Given that NKG2A deficiency resulted in a reduced number of antiviral CD8+ T cells, we sought to further assess the role of NKG2A in T cell development by analyzing thymuses of WT and Klrc1−/− mice. However, we found no differences in any thymocyte subset in Klrc1−/− mice (Figure S3A). We did observe that subsets of both CD4CD8 and CD4 single-positive cells express NKG2A (Figure S3B). We found that these cells were thymic NKT cells, as judged by co-expression of NK1.1 and CD3 and the fact that NKG2A deficiency did not alter the accumulation of these cells in the thymus (Figure S3C). Together, these data show that NKG2A is not expressed on thymocytes and does not alter thymocyte development, but does mark a population of thymic NKT cells.

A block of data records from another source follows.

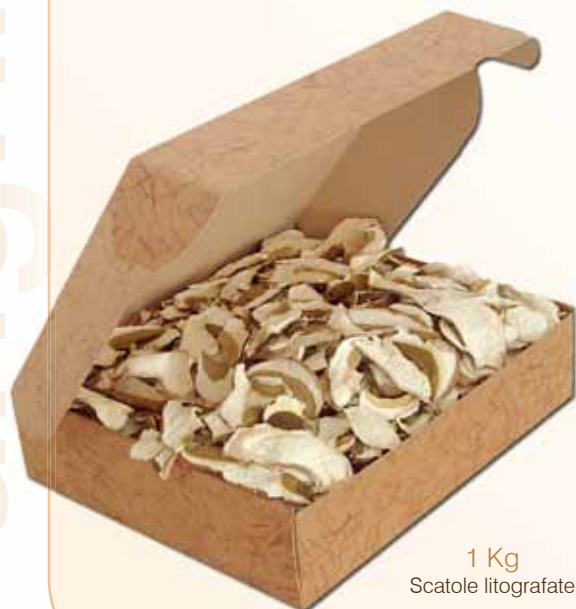
1 Kg Scatole litografate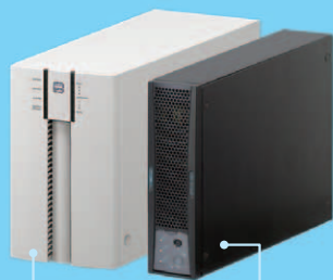
UPS1010HS (当社既存品) 250 × 150 × 395 (mm)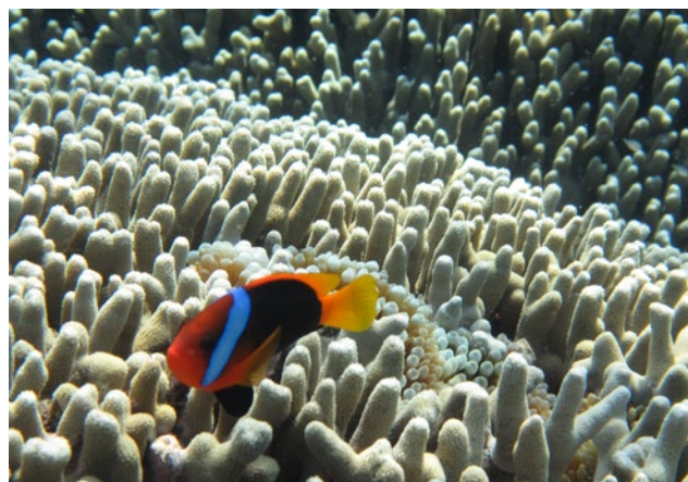
Dicht unter der Wasseroberfläche leuchten die Farben besonders bunt.

Neben dem Gehäuse gibt es noch eine Reihe weiterer Besonderheiten unter Wasser zu beachten. So sollte man, wenn möglich, leicht von unten fotografieren, um mehr Plastizität und das Blau des Meeres ins Bild zu bekommen.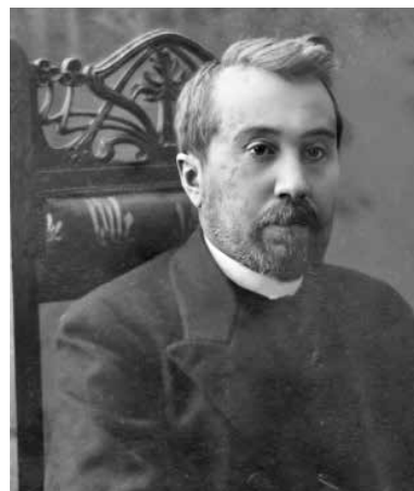
Рис. 4. Ф.Г. Яновський

У 1888-1889 роках пише низку інших цікавих і дуже корисних для киян праць: «Бактеріологічне дослідження Дніпровської води в Києві», «Бактеріологічне дослідження снігу», «Діагностична цінність дослідження крові на наявність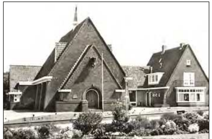
De voormalige gereformeerde kerk.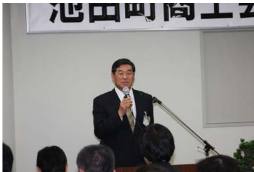
勝井町長の来賓挨拶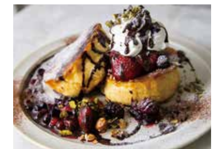
Chocolate French Toast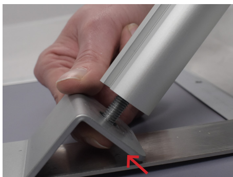
Avvitare il montante al leggjo (tenere ferma la vite con le dita).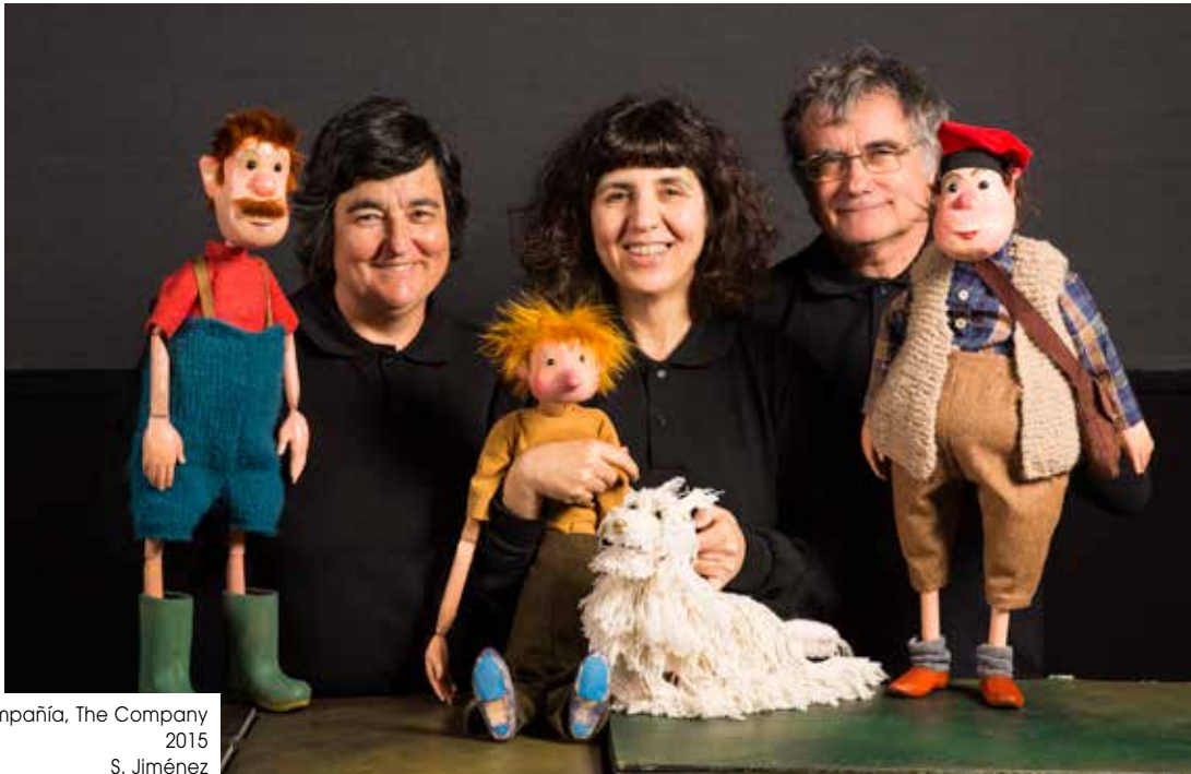
Konpainia, La compañía, The Company 2015 S. Jiménez

Eta, jakina, ezin dugu aipatu gabe utzi Oriol Ibañez, 2005etik gure argi-diseinatzaile leial eta zirt edo zarteko pertsona.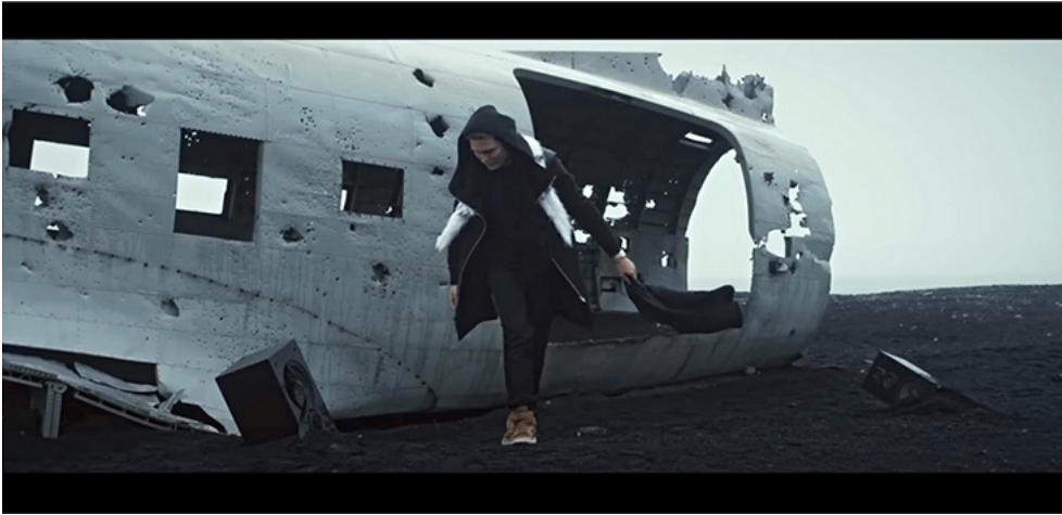
Kuva 2. "Ääri rajoille"-videossa keskeisen symboliikan luo tuhoutunut lentokone, jonka luota Cheek aloittaa lipun kuljettamisen vuoren huipulle subliimin luontokuvaston keskellä. Kuvakaappaus "Ääri rajoille"-videosta (2014) Liiga Musicin YouTube-kanavalta.

kertoo itsestään merkityksellistääkseen elämänsä tapahtumia. Musiikkivideossa henkilökohtainen narratiivi on reflektiossa muodostuva rekonstruktio. Merkityksellistämällä valitsemansa tapahtumat keskeisiksi ja ohittamalla toiset, kertoja luo itselleen ja toisille tulkinnallisen viitoituksen (engl. navigational beacons ) menneistä ja tulevista tapahtumista. Musiikkivideon mahdollistama henkilökohtainen narratiivi on siten vahvasti performatiivinen. (Mt.) "Ääri rajoille"-videon poeettisessa ja visuaalisessa kokonaisuudessa konkretisoituu Cheekin tuotannolle leimallinen asenne, jossa taiteenlajiin kohdistuva rakkaus saa rikkomaan kategorioiden rajoja. Kuten kappale sanoittaa: "rohkeus ei oo sitä ettei pelota / vaan et uskaltaa hyppää, vaik ei tiedä selviikö elossa". Teknisesti musiikkivideon ratkaisu mahdollistaa kaksi tarinalinjaa: luonnon armoilla ääri rajoja tavoittelevan Cheekin ja pojan yksinäiseen huoneeseen sijoittuvan analogisen tarinan omaan asiaan uskomisesta. Tulkitsen valittujen tapahtumien kokonaisuuden korostavan taiteenlajiin kohdistuvaa rakkautta ja sen tuottamaa elämän merkityksellisyyden tunnetta myös resonanssin ja jatkuvuuden kautta.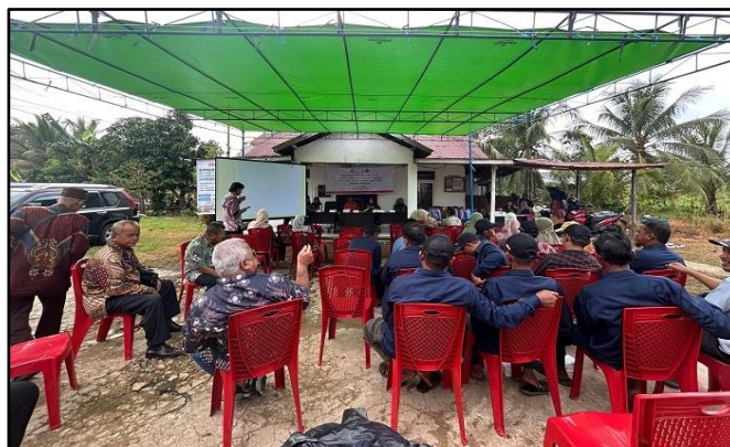
Gambar 3. Lokasi Kegiatan PkM di Desa Parit Keladi.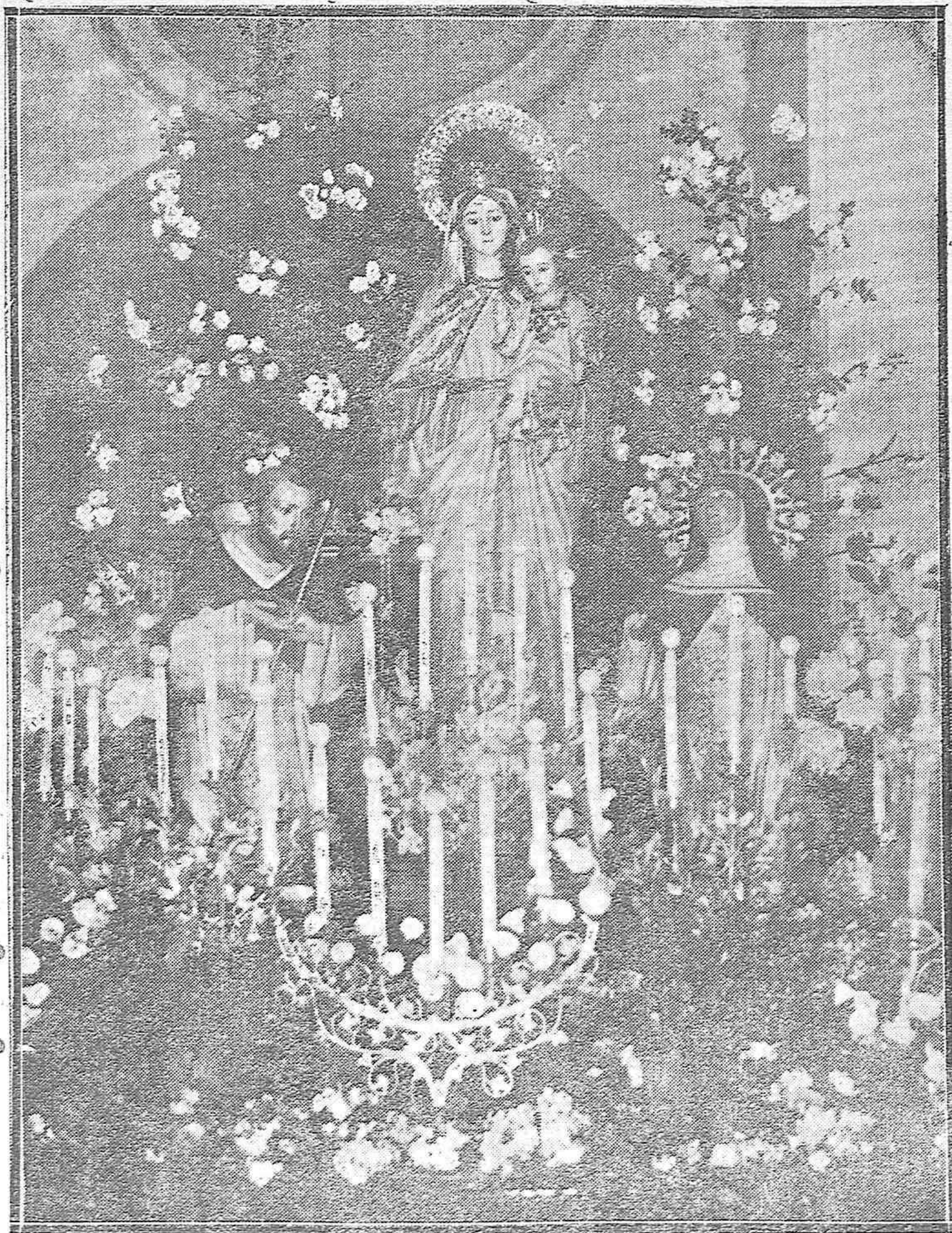
La sagrada imagen de Nuestra Señora del Rosario, llamada también de las Victorias, que fué sacada procesionalmente ayer del convento de San Agustín, donde se venera.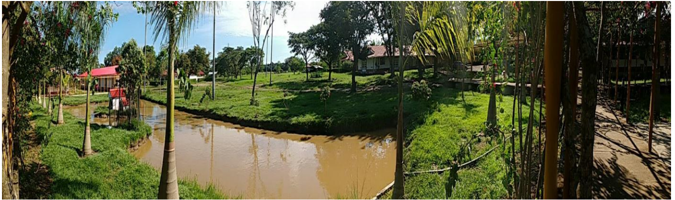
Figura 1. Panorámica campus Universidad de Salle-Utopía en Yopal, Casanare.

A 12 km de la capital del departamento del Casanare, se encuentra ubicado este Campus denominado Laboratorio de paz, donde se lleva a cabo el Proyecto Utopía de la Universidad de La Salle. Iniciativa que desde el 24 de mayo del 2010 abrió sus puertas, para transformar la vida de jóvenes campesinos víctimas del conflicto armado.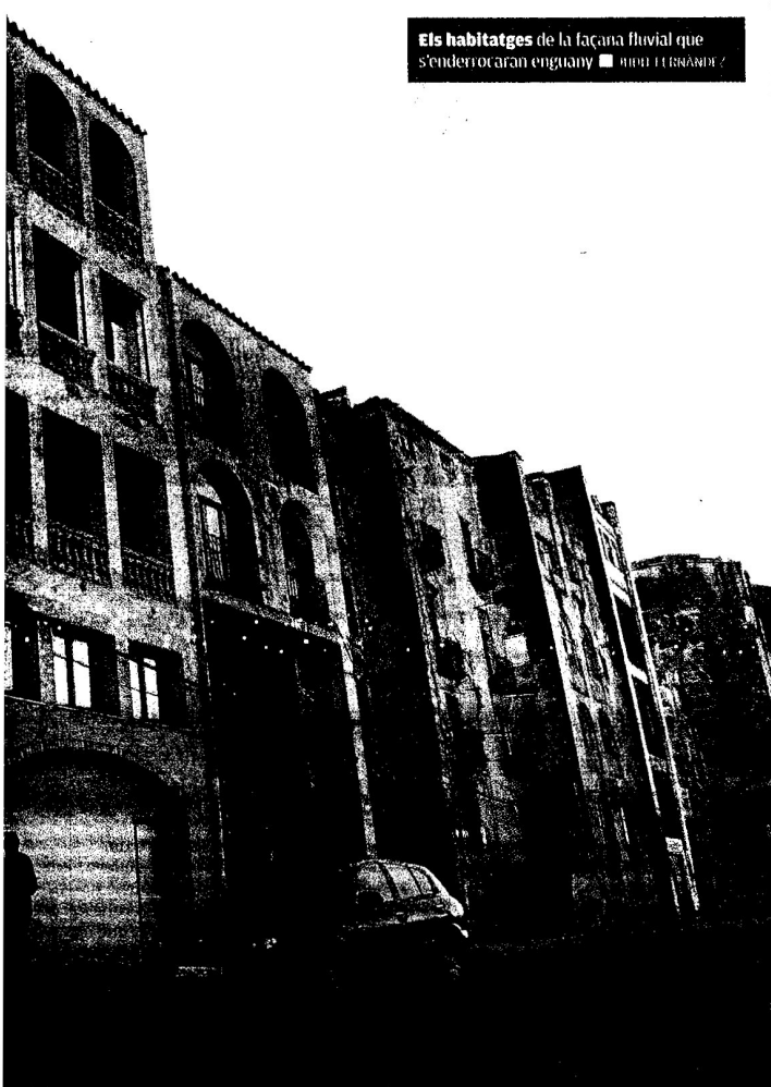
Els habitatges de la façana fluvial que s'enderrocaran enguany ■ JORDI FERRANDEZ

El jutge d'instrucció ha decretat presó provisional comunicada i sense fiança per a dos detinguts més en l'operació policial contra el frau fiscal a Tarragona. En total ja són quatre els empresonats per formar part d'una xarxa il·legal de venda de cotxes de luxe. A tots ells se'ls imputen delictes de blanqueig de capitals, pertinença a grup organitzat i defraudació d'hisenda pública. A més, a un d'ells també se l'acusa d'amenaces, i a un altre, d'extorsió, amenaces i tinença d'armes. ■ ACN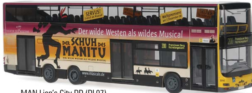
MAN Lion's City DD (DL07) „BVG, Berlin - Der Schuh des Manitu“ 67712 | 1:87 | BV | D | PG 49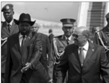
Il presidente sudanese Salva Kiir, a sinistra, e quello sudanese El Bashir a Juba

JUBA, 13. Il Sudan e il Sud Sudan normalizzeranno i loro rapporti e inizieranno una cooperazione transfrontaliera. Lo ha annunciato ieri il presidente sudanese, Omar Hassan El Bashir, nel corso della sua prima visita a Juba dalla secessione nel 2011.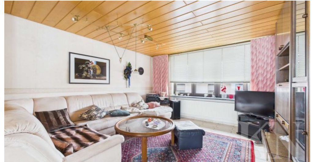
OG Wohn- und Esszimmer

Klrc1−/− ECTV-specific CD8+ T cells express genes associated with lymphocyte activation and apoptosis

Given that NKG2A deficiency leads to excessive effector functions of CD8+ T cells after ECTV infection, we sought to analyze whether NKG2A signaling altered specific transcriptional pathways associated with T cell activation. To test this, we sorted both naïve and ECTV-specific CD8+ T cells and analyzed the transcriptomes via microarray analysis. WT and Klrc1−/− CD8+ T cell transcriptomes were broadly similar when assessed by principal component analysis (PCA) (Figure 4A). There were only mild variations in individual gene expression profiles of naïve CD8+ T cells (Figure 4B). However, there were wider variations in the expression of 225 transcripts by ECTV-specific WT and Klrc1−/− CD8+ T cells (Figure 4C and 4D), which associated with specific pathways as judged by gene ontology pathway analysis (Figure 4E). Klrc1−/− cells contained an overabundance of transcripts falling within five categories of stimulatory pathways, including responses to stress and stimuli, cell proliferation, and lymphocyte activation. Several individual transcripts overabundant in Klrc1−/− cells were indicative of CD8+ T cell activation, including Ifng, Prf1, Rel, Batf3, and Bhlhe40 (Figure 4F). Upregulation of Bhlhe40 most likely explains the augmented production of GM-CSF by virus-specific Klrc1−/− CD8+ T cells, as Bhlhe40 positively regulates the production of GM-CSF (Lin et al., 2014). Importantly, Klrc1−/− cells also overexpressed Bcl2l11, which encodes Bim, a key pro-apoptotic mediator. In contrast, WT ECTV-specific CD8+ T cells featured an overabundance of transcripts that fell within immunoregulatory pathways, including Il10, Il10r, Smad3, and Tnfaip3 (Figure 4F). Differential expression of relevant genes was further verified by quantitative real-time PCR analysis of ECTV-specific CD8+ T cell cDNA (Figure 4G). Overall, transcriptional changes in Klrc1−/− ECTV-specific CD8+ T cells indicate that these cells are more activated than their WT counterparts and are potentially more susceptible to apoptosis.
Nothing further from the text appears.